*** DATA SHOWN ***
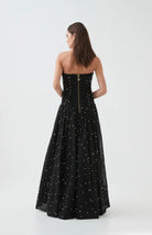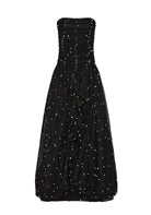 The Aje Juniper Gown is a striking statement piece that perfectly blends elegance and modern artistry. Designed with a strapless silhouette and straight neckline, the gown features a ruched pearl-beaded tulle overlay that adds a touch of texture and opulence to the bodice. A draped full skirt cascades beautifully with an asymmetrical bubble hem and front leg split, creating fluid movement with every step. Finished with an external back zipper and sculptural puller, this lined gown captures timeless femininity with a contemporary edge an unforgettable choice for special occasions.
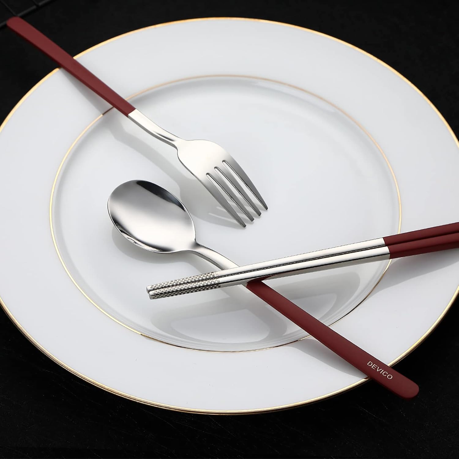 DEVICO Travel Utensils, 18/8 Stainless Steel 4pcs Cutlery Set Portable Camp Reusable Flatware Silverware, Include Fork Spoon Chopsticks with Case (Red)
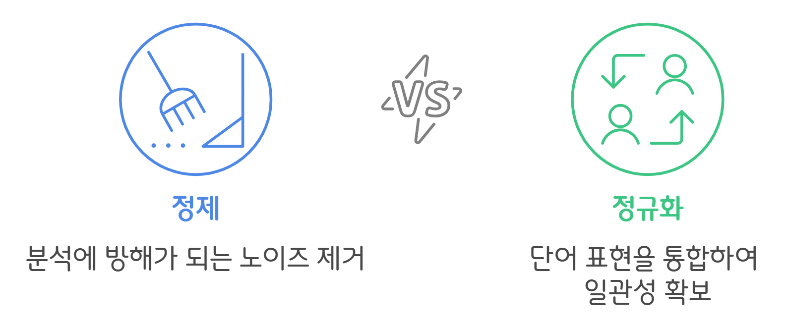 - 정제(Cleaning) 및 정규화(Normalization): 불필요한 기호 제거, 대소문자 통일, 어간/표제어 추출 등을 통해 텍스트를 정리하는 과정
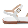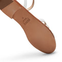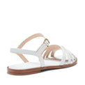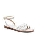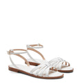 Sandalo flat dallo stile elegante e artigianale realizzato in morbida pelle liscia bianca. Coniuga comfort e raffinatezza. Le fasce intrecciate avvolgono il piede creando motivi geometrici che richiamano l'arte della tessitura. Gli intrecci larghi esaltano un'estetica sofisticata e naturale, perfetta per l'estate.
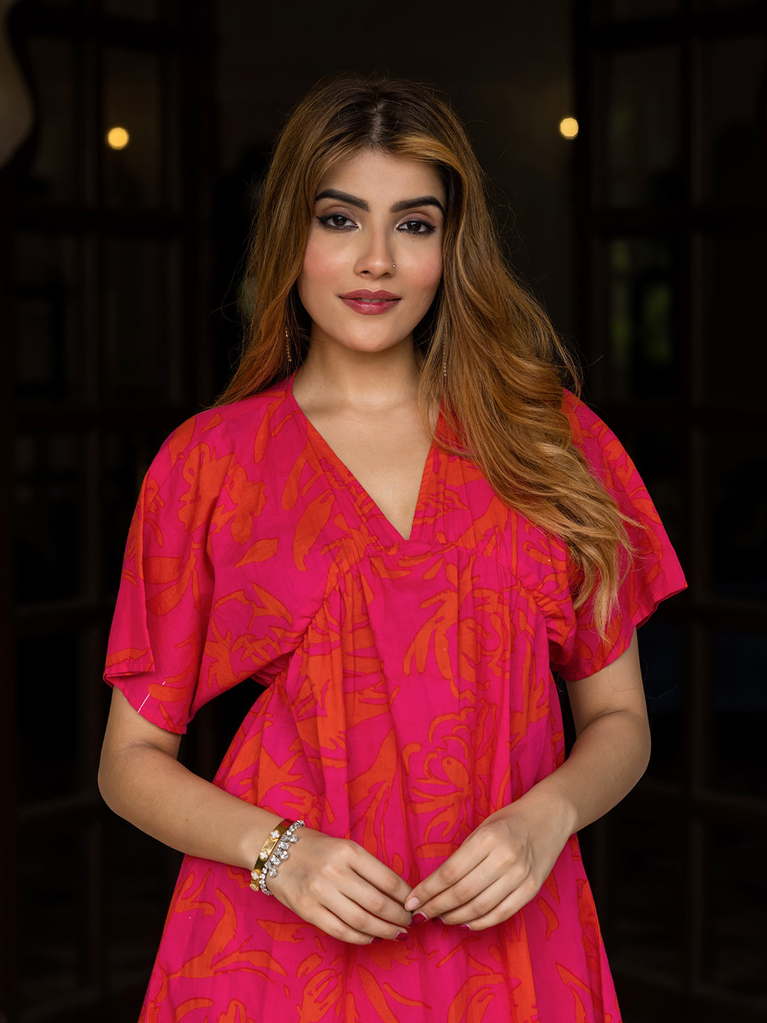 Jaitpuriya Women Pink Pure Cotton fit & flare Dresses
***
PROBLEM> Beginning with the line where "DEVICO Travel Utensils, 18/8" appears, restate word for word every line down to the last one in the data, but keep the pictures out.

RESPONSE BELOW>
 DEVICO Travel Utensils, 18/8 Stainless Steel 4pcs Cutlery Set Portable Camp Reusable Flatware Silverware, Include Fork Spoon Chopsticks with Case (Red)
 - 정제(Cleaning) 및 정규화(Normalization): 불필요한 기호 제거, 대소문자 통일, 어간/표제어 추출 등을 통해 텍스트를 정리하는 과정
 Sandalo flat dallo stile elegante e artigianale realizzato in morbida pelle liscia bianca. Coniuga comfort e raffinatezza. Le fasce intrecciate avvolgono il piede creando motivi geometrici che richiamano l'arte della tessitura. Gli intrecci larghi esaltano un'estetica sofisticata e naturale, perfetta per l'estate.
 Jaitpuriya Women Pink Pure Cotton fit & flare Dresses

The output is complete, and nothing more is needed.